Diospyros lotus, with common names date-plum, Caucasian persimmon, or lilac persimmon, is a widely cultivated species of the genus Diospyros, native to subtropical southwest Asia and southeast Europe. Its English name derives from the small fruit, which have a taste reminiscent of both plums and dates. It is among the oldest plants in cultivation.

Distribution and ecology 

The species area extends from East Asia to the west of the Mediterranean, down to Spain. The date-plum is native to southwest Asia and southeast Europe. It was known to the ancient Greeks as "God's fruit" (, Diós pŷrós), hence the scientific name of the genus. Its English name probably derives from Persian Khormaloo خرمالو literally "date-plum", referring to the taste of this fruit which is reminiscent of both plums and dates. The fruit is called Amlok املوک in Pakistan and consumed dried. This species is one candidate for the "lotus tree" mentioned in The Odyssey: it was so delicious that those who ate it forgot about returning home and wanted to stay and eat lotus with the lotus-eaters.

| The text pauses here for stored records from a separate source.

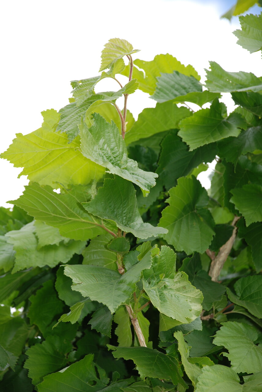 This selection was found in an existing group of trees at Schijndel (NL) by Mr P.C.M. van den Berk. The tree catches the attention by its slender pyramidal crown. As far as known it attains a height of circa 10 - 12 m. The trunk gets a ridged corky bark at an early stage. The branches also have a soft corky bark. The leaf is wide ovate to round-ovate with a double serrated margin and is woolly haired. The leaf base is strikingly cordate. The inflorescence is formed by male catkins that hang down gracefully and inconspicuous purple-red, female flowers. These appear well before the leaves. The tree gives very few nuts and has a deep going root system. Strong tree that is little susceptible to diseases and is well drought resistant. Hard surfaces are tolerated well too. May become a promising street tree.
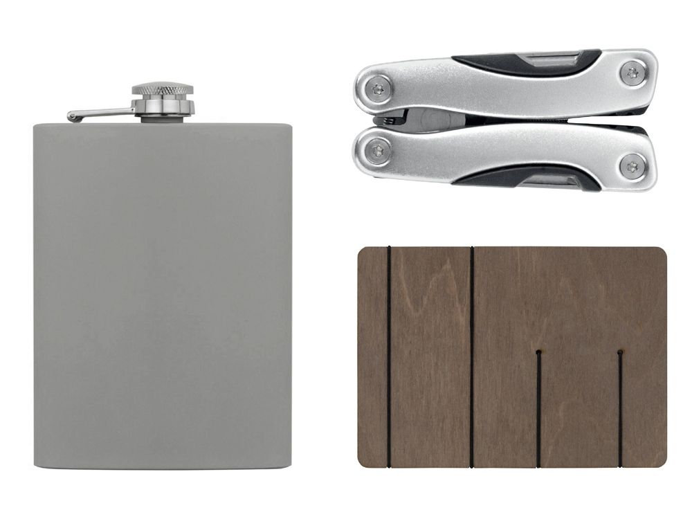 В набор входят мультиинструмент и фляжка, которые пригодятся как в городе, так и на природе.
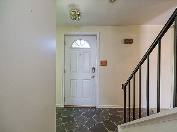 This 4 bedroom 1 full and 2 half bathroom home is perfectly situated on an expansive corner lot in North Allegheny School District. The main level features a slate floor entry way, hall powder room and sizable living room. A fully equipped kitchen offers a stainless steel fridge, dishwasher, wall oven and a large peninsula with an electric cooktop and room for counter stools on the breakfast area side. The breakfast nook is sunny and bright and walks out through the slider to a large composite deck with retractable awning over looking the level yard. A dining room is off the breakfast nook and Hardwood flooring is beneath the carpeting throughout the home! The second floor sports newer carpeting up the stairway and hall, a full hall bath, master bedroom with en suite half bath and three additional bedrooms. Laundry hook ups are located in the unfinished basement which walks out to a concrete patio in the back yard. Shed Conveys. Epoxy finished garage floor.
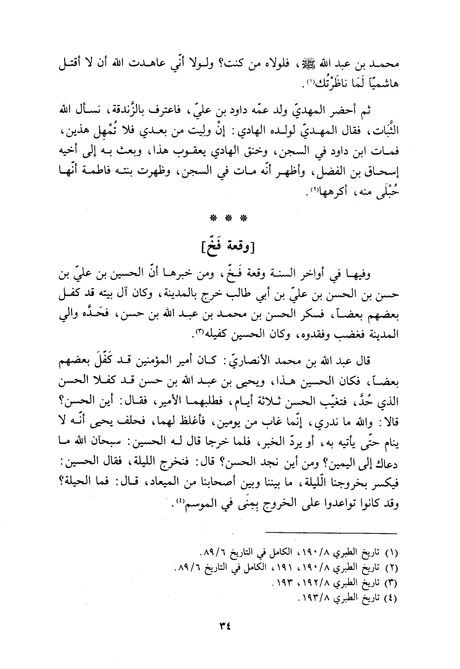 وَفِيهَا فِي أَوَاخِرِ السَّنَةِ وَقْعَةُ فَخٍّ، وَمِنْ خَبَرِهَا أَنَّ الْحُسَيْنَ بْنَ عَلِيِّ بْنِ حَسَنِ بْنِ الْحَسَنِ بْنِ عَلِيِّ بْنِ أَبِي طَالِبٍ خَرَجَ بِالْمَدِينَةِ، وَكَانَ آلُ بَيْتِهِ قَدْ كَفَلَ بَعْضُهُمْ بَعْضًا، فَسَكِرَ الْحَسَنُ بْنُ مُحَمَّدِ بْنِ عَبْدِ اللَّهِ بْنِ حَسَنٍ، فَحَدَّهُ وَالِي الْمَدِينَةِ فَغَضِبَ وَفَقَدُوهُ، وَكَانَ الْحُسَيْنُ كَفِيلَهُ [3] .
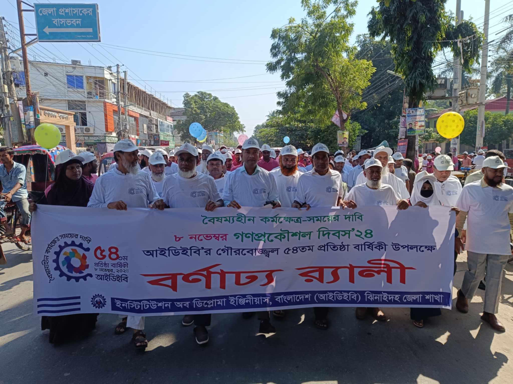 ঝিনাইদহ থেকে বিশেষ প্রতিনিধি মোঃ ফজলুল কবির গামা:: বৈষম্যহীন কর্মক্ষেত্র গড়ার প্রত্যয় নিয়ে রোববার সকালে ঝিনাইদহে ইন্সটিটিউট অব ডিপ্লোমা ইঞ্জিনিয়ার্সের (আইডিইবি) ৫৪ তম প্রতিষ্ঠাবার্ষিকী ও গণপ্রকৌশল দিবস পালিত হয়। এ উপলক্ষে রোববার সকালে ঝিনাইদহ পুরাতন ডিসি কোর্ট চত্বর থেকে বর্ণাঢ্য র্যালি বের হয়। র্যালিটি শহরের গুরুত্বপূর্ণ সড়ক প্রদক্ষিণ করে পুরাতন ডিসি কোর্ট চত্বরে এসে শেষ হয়। এসময় প্রধান অতিথি হিসেবে উপস্থিত ছিলেন, ঝিনাইদহের অতিরিক্ত জেলা প্রশাসক বকুল চন্দ্র কবিরাজ। বক্তব্য রাখেন, আইডিইবি ঝিনাইদহ জেলা সভাপতি ইয়াসিন আলী, সাধারণ সম্পাদক মুন্সি আবু সাইদ, কাউন্সিলর স্বপন কুমার বিশ্বাস, শরিফুল ইসলাম ও সাব্বির আহমেদ প্রমুখ। বক্তাগণ বলেন, কর্মক্ষেত্রে বৈষম্যহীনতা দূর করতে প্রকৌশলীদের এক হয়ে কাজ করতে হবে।
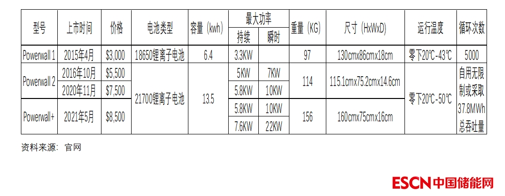 表3 特斯拉Powerwall基礎(chǔ)參數(shù)比較
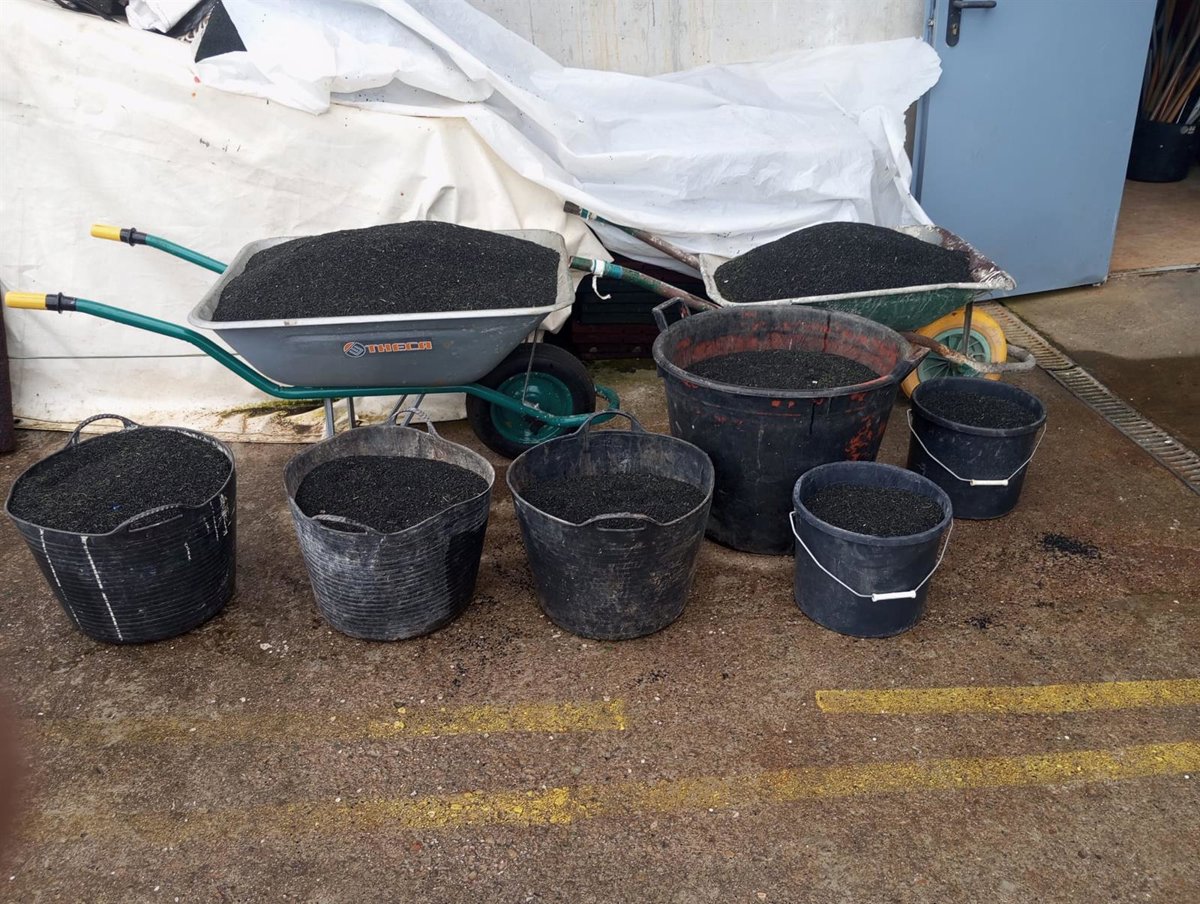 Asimismo, tras la inspección desde el área de Medio Ambiente, se procedió a la retirada de aproximadamente cuatro toneladas de caucho acumulado en las inmediaciones del Jardín Botánico.
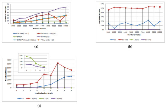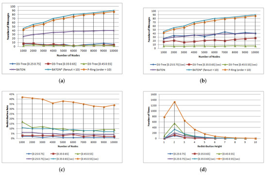 Conducting experiments, we observed that in the average case, the -Tree outperforms BATON, BATON, and P-Ring. However, in -Tree’s worst case, the load-balancing performance is degraded compared to BATON of fanout = 10 and P-Ring.
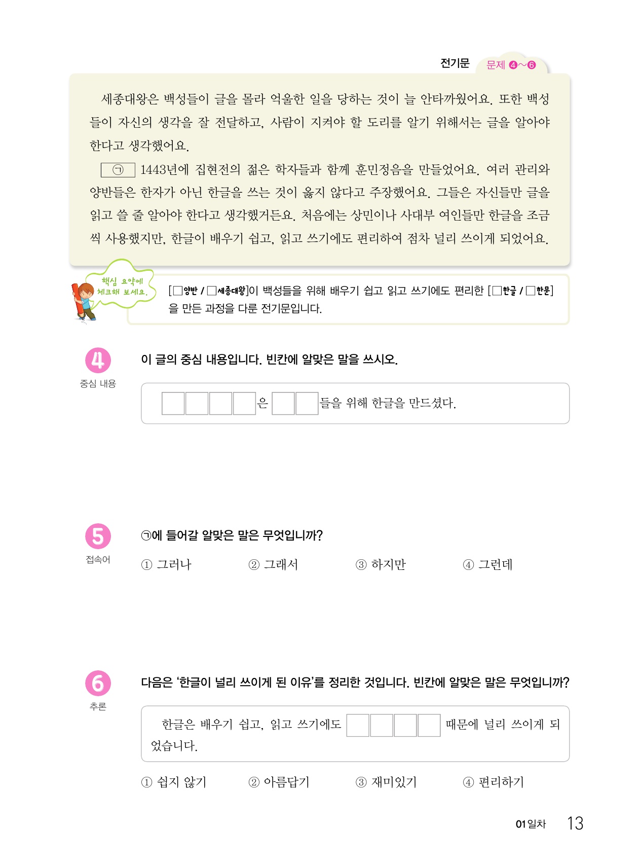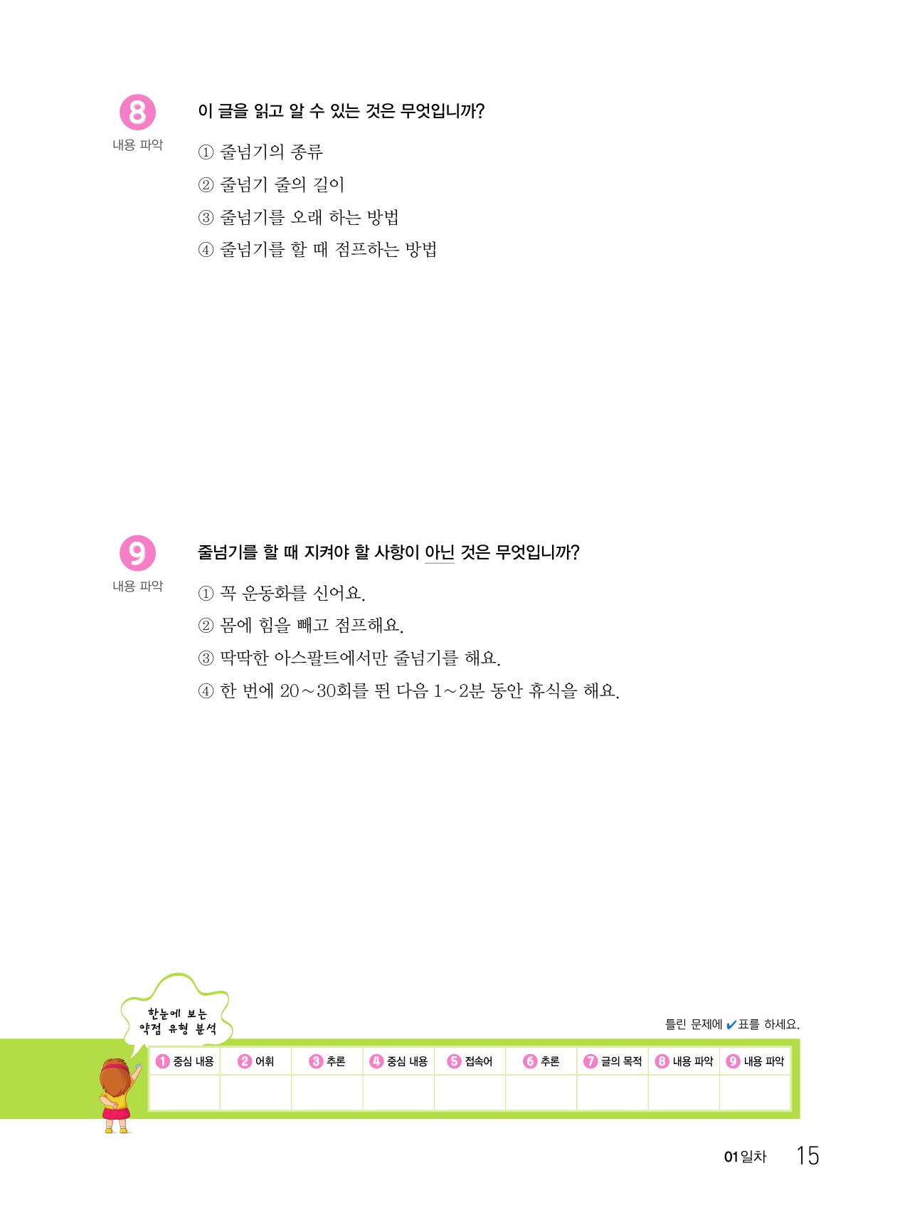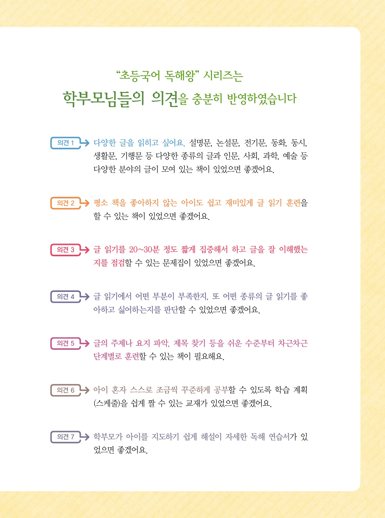 글의 중심 내용, 핵심어, 주제, 목적 등을 정확하게 이해하는지를 묻는 사실적 이해 문항과 이를 바탕으로 다른 상황에 적용, 추론할 수 있는지를 묻는 다양한 문제로 구성하여 효율적인 독해 훈련이 가능하도록 하였습니다.?
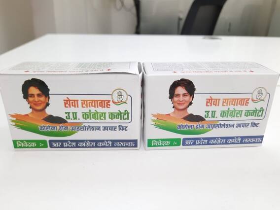 मेडिकल किट में प्रियंका गांधी की तस्वीर लगाई गई है
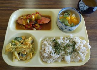 右下:山芋としらすの麦ごはん

The tree grows in the lower and middle mountain zones in the Caucasus. They usually grow up to 600 m above sea level. In Central Asia, it rises higher—up to 2000 m. They rarely grow in stands but often grow with hackberry, ash, maple and other deciduous species. It is not demanding on the soil and can grow on rocky slopes but requires a well lit environment.

It is cultivated at the limits of its range, as well as in the U.S. and North Africa.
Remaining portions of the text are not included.